Desiderata II: Hellenistic Jewish Texts in Greek and English

While I’m thinking of desiderata, wouldn’t it be relatively painless to produce one or two LCL-style volumes of ‘Hellenistic Jewish Texts’ in Greek and English? Just thinking off the cuff, if we included books that are a) excluded from other major corpora (LXX, Philo, Josephus); b) are not fragmentary (like Eupolemus, Ezekiel the Tragedian, etc. – these are readily available in Holladay anyway); and c) are probably extant in their original language of composition, Greek, we could include (z.B.) the following (even if the first two or three and some of the others may be Christian in whole or in part):

Ascension of Isaiah


Joseph & Aseneth






There’s of course the SC volume for Aristeas in French/Greek, and various editions of the others as well, but can’t quite think of anything else that does facing pages of this stuff in English translation, and it would be useful, I think, to have this gathered as a corpus.
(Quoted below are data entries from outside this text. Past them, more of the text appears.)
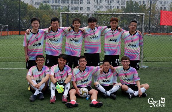 另外一场小组赛在岩土队和隧道队间展开,一声哨响,隧道队开局便初露锋芒。进攻十分猛烈,比赛刚进行至第10分钟,岩土队一名队员在一次拼抢中脚踝受伤,被换下场。但岩土队一直顽强拼搏,4号队员鱼跃冲顶,球进了!岩土队1:0领先,上半场结束。下半场一开始,隧道队开始绝地反击,岩土队队员全线压上,却让后防岌岌可危,隧道队90号队员胡萧越在右翼一脚似传似射的打门成功破网,球进了,比分改写为1:1平。随后双方战局焦灼,互相死守,1:1的比分也一直保持到下半场结束。
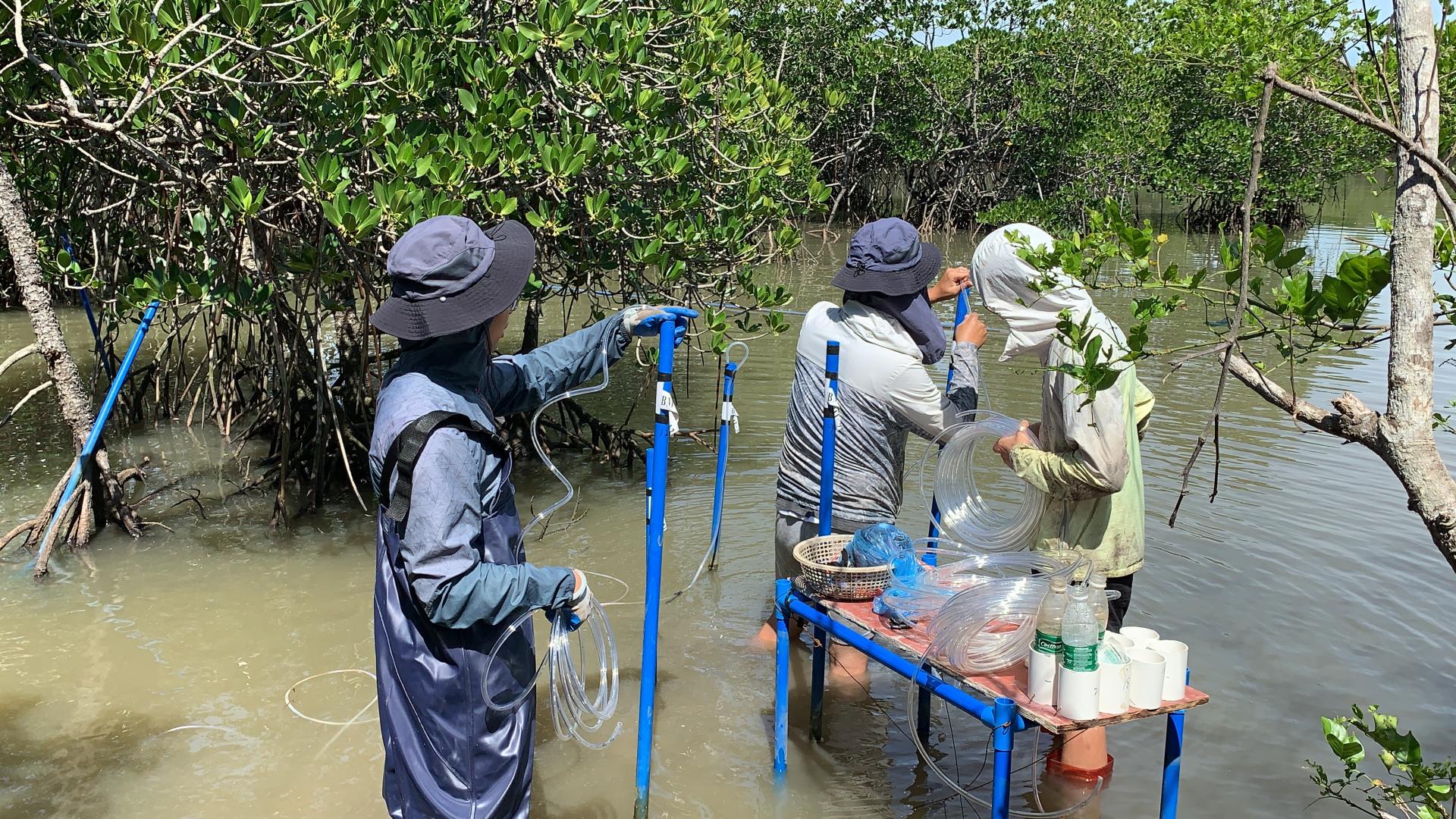 团队师生在海南红树林湿地进行水质监测
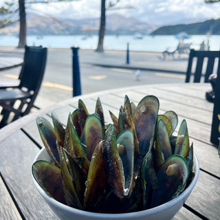 Dann liefen wir in der Bucht rüber zum zweiten Teil des Örtchens und dort gab es, mit leichter Verspätung, mein Geburtstagsessen (danke an die heimatlichen Sponsoren): 1kg Grünlippmuscheln (ein regionales Gericht) in Knoblauch-Weißwein-Soße und für Eric gab es einen Fisch-Burger (war wohl auch richtig lecker). Mit zwei Getränken zahlten wir nur 43€, da hatten wir mit mehr gerechnet. Reicht natürlich! Klar, aber für hiesige Verhältnisse…
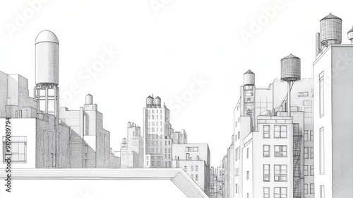 © Business Image, Fototapeta premium Bleistiftzeichnung einer Stadtskyline: ein detaillierter Architektureindruck für Poster und Drucke

A more ambitious undertaking would be a sort of  Studienausgabe multi-lingual edition of the OT Pseudepigrapha. For students of the New Testament and Second Temple Judaism, we have facing-page bilingual editions for Philo and Josephus in the Loeb editions, for the Dead Sea Scrolls in the Martinez-Tigchelaar and Parry-Tov editions, for the deuterocanonical books in the traditional LXX editions, but access to the original languages of the pseudepigraphical literature often requires many different and expensive books, sometimes prohibitive even for smaller libraries. Nevertheless, the study of this pseudepigraphical and apocryphal literature has blossomed over the past thirty years or so, no doubt in part due to Charlesworth’s two volume OTP. Might it be time to give serious students of the period a handy edition with original languages and English translation on facing pages? This might especially be so as much of this literature is outside the range of other modern language editions like the Sources chretiennes.

Of course, one of the complications of this type of work is that the documents are extant in a variety of different texts and textual traditions, and some difficult decisions might have to be made as to whether, say, a text that is extant in both Latin and Ethiopic should be displayed in one or both languages, etc. But it does not seem that such difficulties need be insurmountable, and even a less-than-perfect-in-every-respect edition would be better than what we have now. And even if most NT scholars are not highly proficient in languages like Ethiopic, the ability to do a bit of checking with a lexicon and so to increase the certainty of one’s own research would be a welcome advance. If relevant copyrights could be secured, etc., maybe it would even be possible to use some of the same contributors from Charlesworth’s volumes who could supply both original text and translation. Or one could attempt to extract text and translation from the de Gruyter Commentaries on Early Jewish Literature project.

It would be a headache, no doubt, but it would also be very useful.